When Constantine the Great came to power in 306, he worked to stop the persecution of Christians in the Roman Empire. However, this led to a large split in the treatment of Christians and Jews.

==Anti-Judaic legislation==
Under Constantine the Great, Jewish clergy were given the same exemptions as Christian clergy. Jews living in the Roman Empire were legally obliged to pay the Fiscus Judaicus tax since the destruction of the Jewish Temple in 70 CE. This tax continued during his reign and some historians credit the emperor Julian with abolishing this in 362.

It was noted that Judaism was “an abominable sect”.

He also began to claim land in Syria Palaestina for use by the Christian Church. During a visit by his mother in 326 to 327, she identified places where key events may have taken place in Jesus’ life; Constantine went on build churches at those locations.

==The dating of Easter==
Constantine supported the separation of the date of Easter from the Jewish Passover (see also Quartodecimanism), stating in his letter after the First Council of Nicaea (which had already decided the matter):
"... it appeared an unworthy thing that in the celebration of this most holy feast we should follow the practice of the Jews, who have impiously defiled their hands with enormous sin, and are, therefore, deservedly afflicted with blindness of soul ... Let us then have nothing in common with the detestable Jewish crowd; for we have received from our Saviour a different way."

According to Mark DelCogliano, “it was not the quartodeciman practice that Constantine sought to eliminate, but rather the so-called 'Protopaschite' practice which calculated the paschal full moon according to the Jewish lunar calendar and not the Julian solar calendar".

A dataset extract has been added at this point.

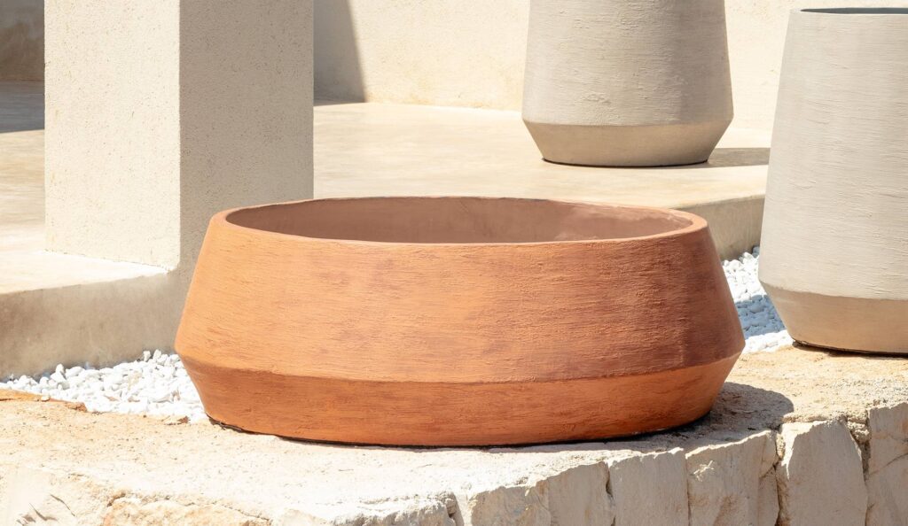 With a wide and low shape, it is perfect for hosting short plants or compact floral arrangements. Its geometric design adds stability and a modern touch to any environment.

Theodoret's Ecclesiastical History records The Epistle of the Emperor Constantine, concerning the matters transacted at the Council, addressed to those Bishops who were not present:
"It was, in the first place, declared improper to follow the custom of the Jews in the celebration of this holy festival, because, their hands having been stained with crime, the minds of these wretched men are necessarily blinded. ... Let us, then, have nothing in common with the Jews, who are our adversaries. ... Let us ... studiously avoiding all contact with that evil way. ... For how can they entertain right views on any point who, after having compassed the death of the Lord, being out of their minds, are guided not by sound reason, but by an unrestrained passion, wherever their innate madness carries them. ... lest your pure minds should appear to share in the customs of a people so utterly depraved. ... Therefore, this irregularity must be corrected, in order that we may no more have any thing in common with those parricides and the murderers of our Lord. ... no single point in common with the perjury of the Jews."